Let $n$ and $m$ be integers such that $5$ divides $1+2n^2+3m^2.$ Then show that $5$ divides $n^2-1.$ 
Let $n$ and $m$ be integers such that $5$ divides $1+2n^2+3m^2.$ Then show that $5$ divides $n^2-1.$

$\textbf{My attempts} :$
From the condition, we can write $$1+2n^2+3m^2\equiv 0(\mod 5)\tag 1$$
Now, since $5$ is prime so by Fermat's little theorem, we can write $$n^4\equiv 1(\mod 5)\quad\text{and} \quad m^4\equiv 1(\mod 5).$$
So, we get $n^4-m^4\equiv 0(\mod 5)$.
Since $5$ prime so, either $5|(m^2+n^2)$ or $5|(m^2-n^2).$
Now if $5|(m^2+n^2)$ then from $(1)$ we get $$1-n^2+3n^2+3m^2\equiv 0(\mod 5)$$ So, we are done.

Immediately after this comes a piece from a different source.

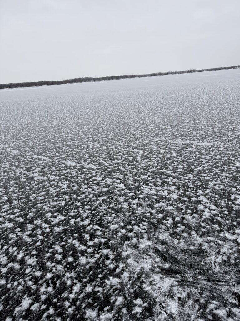 By Sunday morning, the snow had arrived, and it was clear that sailing at Wawasee was no longer viable. Pat did his due diligence, taking the ATV out on the lake to scout conditions and make his report. Unfortunately, what he found did not compare favorably to what was developing at Green Lake.
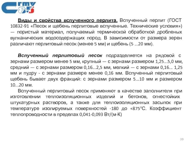 Слайд 39Виды и свойства вспученного перлита. Вспученный перлит (ГОСТ 10832-91 «Песок

Now, if $5|(m^2-n^2)$ then from $(1)$ we get $$1+5n^2-3n^2+3m^2\equiv 0(\mod 5).$$ So, we shall arrive at a contradiction that $1\equiv 0(\mod 5).$
In this way, I have tried to solve this problem. I will be highly obliged if you kindly check this or correct me.
Thanks in advance.
 A: squares are $0,1,4 \pmod 5$   so $3m^2 \equiv 0,3,2 \pmod 5,$ next $1+3m^2 \equiv 1,4,3 \pmod 5$ Finally
$$ -(1+3m^2)  \equiv 4,1,2 \pmod 5 \; , \; \;  $$
$$  2 n^2 \equiv 0,2,3 \pmod 5 $$
The overlap of these two lists, $4,1,2$  and $0,2,3$  is the single possibility $2.$  That is, we need $2n^2 \equiv 2 \pmod 5$ and $n^2 \equiv 1 \pmod 5$
A: You can make it a bit easier. The cool thing working $\mod 5$ is that squares are always $\equiv 0$ or $\equiv \pm 1$ (you see this by just entering all possibilities). If you know that
$$
1+2n^2+3m^2 \equiv 0 \mod 5
$$
test out the possibilities of $n,m \mod 5$ to see what works:
\begin{align}
n^2\equiv 0, m^2\equiv 0 \Rightarrow 1+2n^2+3m^2\equiv 1 \not\equiv 0 \\
n^2\equiv 1, m^2\equiv 0 \Rightarrow 1+2n^2+3m^2\equiv 3 \not\equiv 0 \\
n^2\equiv -1, m^2\equiv 0 \Rightarrow 1+2n^2+3m^2\equiv -1 \not\equiv 0 \\ \\
n^2\equiv 0, m^2\equiv 1 \Rightarrow 1+2n^2+3m^2\equiv 4 \not\equiv 0 \\
n^2\equiv 1, m^2\equiv 1 \Rightarrow 1+2n^2+3m^2\equiv 6 \not\equiv 0 \\
n^2\equiv -1, m^2\equiv 1 \Rightarrow 1+2n^2+3m^2\equiv 2 \not\equiv 0 \\ \\
n^2\equiv 0, m^2\equiv -1 \Rightarrow 1+2n^2+3m^2\equiv -2 \not\equiv 0 \\
n^2\equiv 1, m^2\equiv -1 \Rightarrow 1+2n^2+3m^2\equiv 0 \\
n^2\equiv -1, m^2\equiv -1 \Rightarrow 1+2n^2+3m^2\equiv -4\not\equiv 0 \\
\end{align}
By the table above you (you could also get this by systematic thinking without trying out all possibilities), you see that $n^2\equiv 1$ which means that $n^2-1\equiv 0 \mod 5$, so $n^2-1$ is divisible by $5$ if $1+2n^2+3m^2$ is (and in that case you also know that $m^2+1$ is divisible by $5$ as well)
A: If $1+2n^2+3m^2\equiv 0\pmod 5$, then $n^2\equiv m^2+2$.
Since the only squares modulo $5$ are $0,\pm 1$, the only values for $n^2$ and $m^2$ are $n^2\equiv 1\pmod 5$ and $m^2\equiv -1\pmod 5$.